Слушая ее, я чувствовала горечь и страх в ее словах. Она пыталась притвориться взволнованной, а мне было интересно, сколько она сможет сдерживать гнев и возмущение. Я не понимала, почему она так сердится, но было ясно, что она очень зла. Я с полчаса пообщалась со студентами и собралась уходить. Студенты смотрели на меня с пониманием и немного нервничали из-за перспективы остаться с этой женщиной. Памела смотрела на меня с едва скрытым презрением. Было бы так легко ей сказать: «Спасибо за то, что испортили мне обед», – но это было бы дурным тоном. Я просто сказала: «Пожалуйста, извините меня, мне пора собирать вещи».

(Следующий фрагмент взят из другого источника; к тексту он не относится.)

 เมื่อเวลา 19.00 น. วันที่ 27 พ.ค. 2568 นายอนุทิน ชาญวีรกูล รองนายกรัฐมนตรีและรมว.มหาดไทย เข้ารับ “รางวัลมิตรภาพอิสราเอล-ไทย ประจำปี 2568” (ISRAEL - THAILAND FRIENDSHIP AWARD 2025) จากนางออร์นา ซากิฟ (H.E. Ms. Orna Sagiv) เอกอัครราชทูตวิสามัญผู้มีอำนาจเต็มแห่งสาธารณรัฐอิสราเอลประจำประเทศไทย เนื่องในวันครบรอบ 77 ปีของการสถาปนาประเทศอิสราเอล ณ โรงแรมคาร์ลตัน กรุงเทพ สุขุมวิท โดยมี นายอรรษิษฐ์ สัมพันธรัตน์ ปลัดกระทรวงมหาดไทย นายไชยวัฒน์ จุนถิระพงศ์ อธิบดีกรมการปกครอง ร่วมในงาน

Воспоминания о встрече с Памелой было достаточно, чтобы я подождала, прежде чем открывать ее письмо. Я прочитала несколько других писем, сделала себе чашку кофе, вернулась за компьютер и наконец открыла письмо Памелы.

Доктор Браун!

Я настоятельно рекомендовала вас своему боссу Шерил, исходя из того, что большинству участников конференции, казалось, понравилась ваша презентация. Вероятно, она свяжется с вами в ближайшие пару недель.

И небольшой дружеский совет: если вы позиционируете себя в качестве эксперта и ученого в своей области, то, я думаю, вам стоит правильно произносить имена ваших коллег. Когда вы процитировали Пему Чодрон, вы сказали: «Пима ЧУдрон». Правильное произношение – Пема ЧодрУн.

С уважением, Памела.

Я уставилась на слова на мониторе в полном шоке, в голове начали крутиться мысли и стал подниматься страх. Я выставила себя дурой? Она четко попала в цель по моим эмоциям и вызвала во мне стыд. Несколько секунд я перечитывала фразу «…Если вы позиционируете себя в качестве эксперта и ученого…» и понимала, что она имеет в виду: «Перестаньте делать вид, что вы эксперт и ученый». Я чувствовала себя испуганной школьницей.

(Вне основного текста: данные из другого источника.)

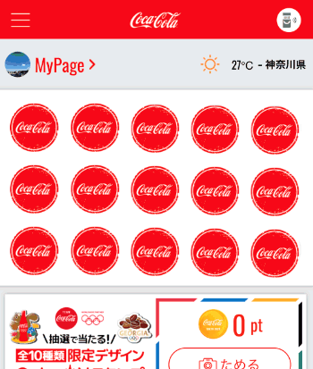 なおその下の「Coke ON IC 電子マネー設定」は、カードタイプのSuicaやWAON、nanacoなどを登録する場合です。ここに電子マネーカードを登録すると、そのカードを使って自動販売機でジュースを購入すると、自動でスタンプがたまる仕組みになっています。

Это был именно «тот момент», который я сама описывала десяткам тысяч людей. Я написала книгу про этот момент, когда стыд обрушивается на вас с такой силой, что вы тут же переходите в режим «сделай или умри».

Как ни странно, я всегда прошу людей, и особенно специалистов в области психического здоровья, не соблазняться мыслью о том, что они якобы могут управлять этими моментами, потому, дескать, что знают, как это работает… Но стыд – коварная эмоция!

Если бы я могла сама шептать себе на ухо, то, глядя на это письмо и чувствуя себя едва ли не самозванкой, я бы сказала: «Это именно тот самый момент. Ничего не делай. Не говори ничего. Просто дыши и иди вперед. Не прячься. Не трусь. Не давай отпора. Не говори, не печатай и не общайся ни с кем, пока не встанешь на ноги. Ты будешь в порядке».

Но, к сожалению, я не могла прошептать себе эти слова. Неправильное произношение имени Пемы Чодрон вызвало стыд на общую тему: «Я недостаточно хорошая, умная, правильная…» Вместо того чтобы выглядеть как ученый, я представляла себе, что говорю голосом героя популярного мультфильма с утрированными интонациями: «Э-ге-гей! А это наш маленький буддистский друг Пима ЧУдрон!» (Здесь уместно еще и побренчать на банджо.)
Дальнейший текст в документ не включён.